Nowadays, the countryside on the edges of the moorlands looks better and more well-tended than it did in the past. The ecological boundaries have also been slowly expanding. Furthermore, other schemes for the landscape have been made when several moors are designated as Sites of Special Scientific Interest or as Environmentally Sensitive Areas. In 2009, the historic landscape of Kinder Scout was designated as a National Nature reserve. 36
36 Hey, A History of the Peak District Moors.
3.3. Conclusion
Even though climate change was first studied during the Industrial Revolution, it was not generally noticed until recent days, causing the growing cases of natural disasters that reduced the territories of the landscape and also the habitats. The transition of time here has attracted not only the people living in the place but also the people around the world to visit and to become more aware of the climate change situation. Before, the moorlands are only studied to see their values in daily activities. Nowadays, they are defined by everyone with different backgrounds and all over the world as one of the solutions to global warming with their unique habitats and the famous peatlands. The moorlands nowadays are also acknowledged and protected by law. Furthermore, the boundaries of moorlands in this chapter have rapidly expanded in time, bringing in new temporary or permanent inhabitants and pushing some old ones away. These movements of the people off moorland in the Peak District are the results of new forms of boundaries.
CONCLUSION
This study is conducted using the key concept of “Time and Landscape” by Barbara Bender, showing the morphology of the moorlands boundaries of the Peak District National Park in periods of time from the eighteenth century to the current days by exploring the relationships between humans and landscapes. Throughout the paper, the conclusions pointed out are the changes in the boundaries depend on humans’ definition, which arose from their mindsets at the time. These different understandings brought out numerous arguments made by people with different backgrounds and generations.

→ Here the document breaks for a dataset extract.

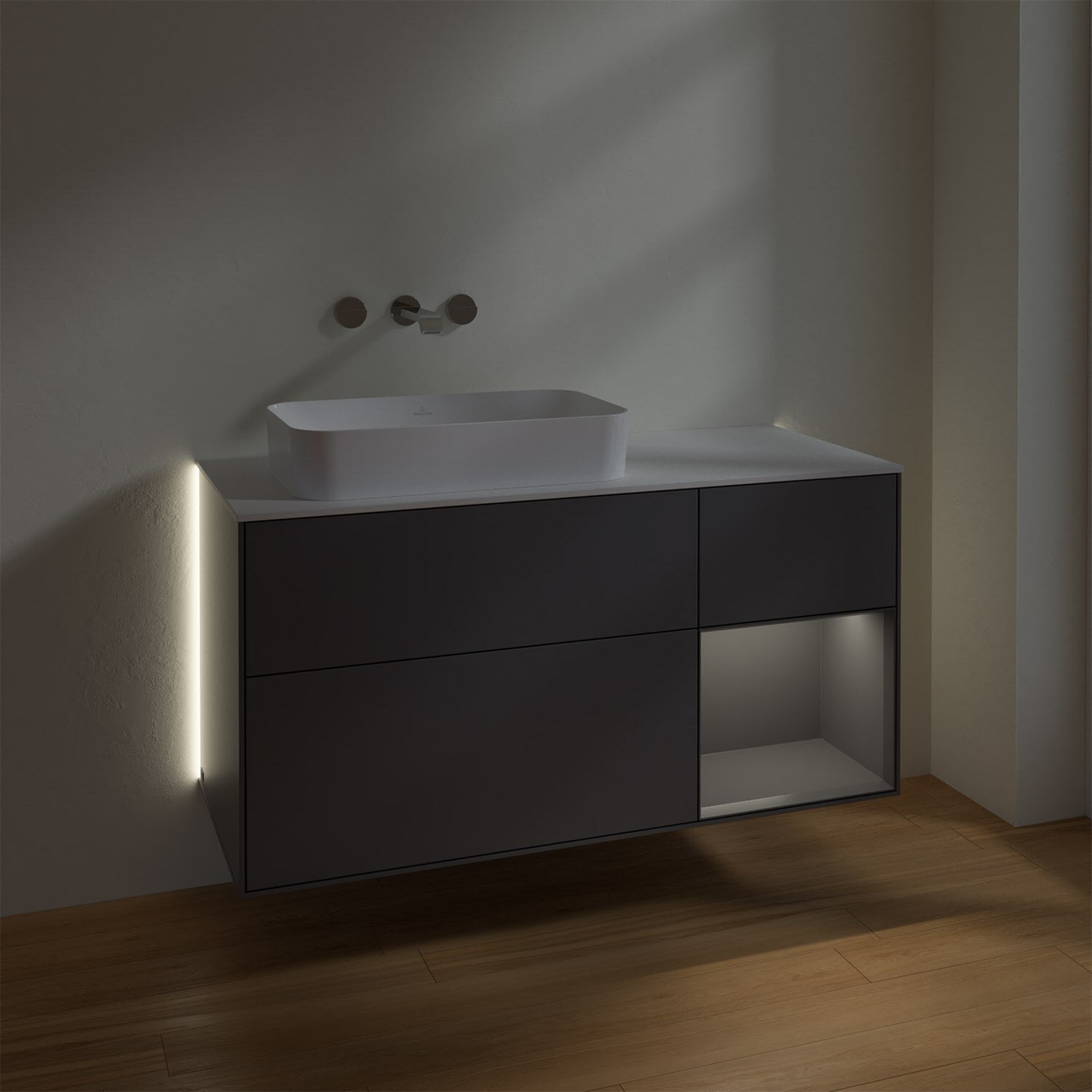 Villeroy & Boch Finion Waschtischunterschrank 120 cm mit Regalelement rechts und Abdeckplatte, mit Wandbeleuchtung
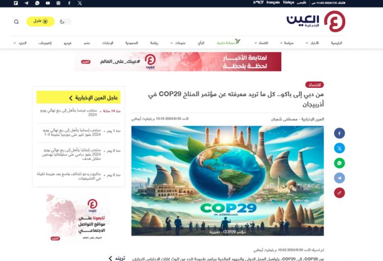 Ərəb ölkələrində geniş oxucu kütləsinə malik olan “Əl Ayn” nəşrinin elektron versiyasında jurnalist Mustafa Şabanın “Dubaydan Bakıya...Azərbaycanda keçiriləcək COP29 konfransı haqqında məlumatlar” sərlövhəli geniş məqaləsi dərc edilib.

As in chapter one, arguments were made between the commoners and the higher class people from during the enclosure movement in the 1700s to the passing of the Parliamentary Enclosure Acts in 1813, in which the commoners were excluded from the moorlands and also the said arguments. To continue, in chapter two, the new generations after the Acts brought out opinions on the ownership of the moorlands and the “walls” that were built up to separate them from the landscape that made arguments with the older generations about their private activities. In the last chapter, when the moorlands have become a National Park, the object now is no longer inhabited in the same way, by the same people, or by no one. With the boundaries between countries and continents opened, explorers came to study or visit the landscape, bringing different interpretations about boundaries. Like myself, people around the world are paying more attention to this unique landscape and its value in tackling environmental problems.
In conclusion, this paper begins with a question about the concept of temporalities within a landscaped territory over time but does not just describe moments in history in relation to the landscape. The study understands what the boundaries might have meant in different moments and consequently, what the object called moorland might have presented as the result.